2. **The code above showed that there is one duplicated entry, so the next step will be to drop the duplicated entry**

In [None]:
df.drop_duplicates(inplace = True)

3. **The next thing, I removed some columns that contains data that I will not use for my project. These columns are-: imdb_id, homepage, tagline, overview, cast, director, production_companies, keywords, budget, revenue and release_date.**

In [None]:
df.drop(['imdb_id','homepage','budget','revenue','tagline', 'cast', 'director', 'production_companies', 'overview','release_date','keywords'], axis=1, inplace=True)

In [None]:
df.info()
df.head(2)

4. **The next think I dropped all the rows with missing values and zero values so that I remain with only rows with all data**

In [None]:
#remove rows with null values
df.replace(0, np.nan, inplace=True)
df.dropna(axis = 0, inplace = True)
df.shape

<a id='eda'></a>
## Exploratory Data Analysis

Before I start to answer the questions I would create a function to put in some repetitive code that will occur in the source code.

In [None]:
def drawScatterPlot(x_values, y_values, plot_title):
    df.plot(x=x_values, y=y_values, title=plot_title, kind='scatter', color='blue' )
    plt.show()

### Research Question 1
**What is the relation betwen the revenue and vote average?**

In [None]:
drawScatterPlot('vote_average', 'revenue_adj', 'Vote Average vs Revenue')

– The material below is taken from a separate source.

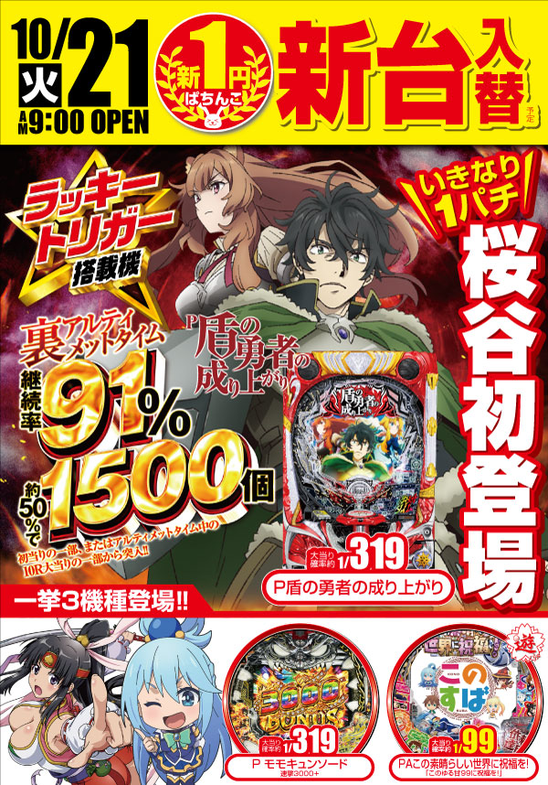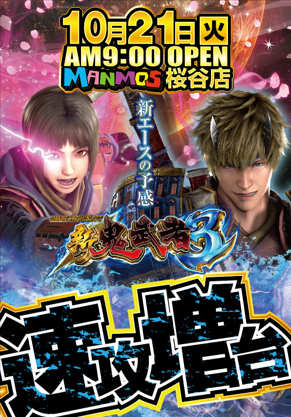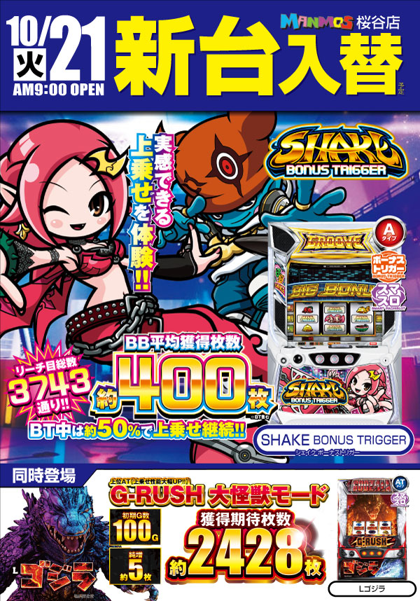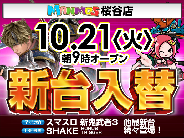 2025.10.15 新台入替 【桜谷店】新台入替!(10/21・火) 桜谷店 10/21(火)朝9時オープン! 「スマスロ 新鬼武者3」が早くも増台! 同時にボーナストリガー最新台 「SHAKE BONUS TRIGGER」が登場! 最新話題機を見逃すな!新台はマンモス桜谷店へ! 詳しくはコチラ↓ 一覧に戻る

The result indicates that there is a positive correlation between revenue and vote average, which suggests that movies that are highly rated by viewers have more revenue than their counterparts.

### Research Question 2
**Which movie has the longest runtime in the data set?**

In [None]:
df_longest = df[df.runtime == df.runtime.max()]
print(df_longest)


The analysis reveals that the longest movie is called `Carlos` which has a runtime of `338` minutes

### Research Question 3
**Which movie has the shortest runtime in the data set?**

In [None]:
df_shortest = df[df.runtime == df.runtime.min()]
print(df_shortest)

The result indicates that the shortest movie is `Kid's Story` which has a runtime of `15` minutes.

### Research Question 4
**In which year were the most movies released?**

In [None]:
plt.figure(figsize=(30,10))
sns.countplot(df['release_year'])
plt.title('Movies by year')
plt.xlabel('Year')
plt.ylabel('Quantity')
plt.show()

The analysis shows that most movies were released in `2011`.

### Research Question 5
**Which runtime range has the most sold copies of movies?**

In [None]:
df.groupby('runtime')['revenue_adj'].mean().plot(kind='line');
plt.title('Revenue vs Runtime')
plt.ylabel('Revenue $')
plt.xlabel('Runtime')
plt.show()

The analysis shows that movies which sold most copies has a runtime of `180` to `190` minutes.

### Research Question 6
**Do movies with higher expenditures also receive higher user rating?**

In [None]:
drawScatterPlot('vote_average', 'budget_adj', 'Vote Average vs Expenditures')

This scatter plot illustrates a positive correlation, which means that movies where higher costs were incurred are also rated high by users.

<a id='conclusions'></a>
## Conclusions

> In this project, I was able to analyze the movie dataset, by assising the qualities, attributes and properties that are associated with movies provided. After gathering the data, I went on to clean and trim the dataset by removing zero and duplicated values and other columns which were irrelevant to my research questions.

> Then I answered the few of the questions I had, using pandas. I also plotted a few charts to visualize the results. The main attribute I used in the plots was `vote_average`. In those visualization I discovered that-: a. movies where higher costs were incurred are also rated high by users, b. movies that are highly rated by viewers have more revenue than their counterparts.

## Limitations
* There were many rows with columns with zero values which I dropped which casued me to loose 50% of the dataset. This means that the results I came up may not fully represent the whole dataset. If all values were thee it would have been more accurate.
* This dataset is not really an adequate representation of the movies industry since there are many movies which were released from other countries which doesnt appear in the dataset.

### References
1. [How to add a new column to an existing DataFrame?](https://stackoverflow.com/questions/12555323/how-to-add-a-new-column-to-an-existing-dataframe?rq=1)
1. [How do I get the row count of a Pandas DataFrame?](https://stackoverflow.com/questions/15943769/how-do-i-get-the-row-count-of-a-pandas-dataframe?rq=1)
1. [How do I select rows from a DataFrame based on column values?](https://stackoverflow.com/questions/17071871/how-do-i-select-rows-from-a-dataframe-based-on-column-values?rq=1)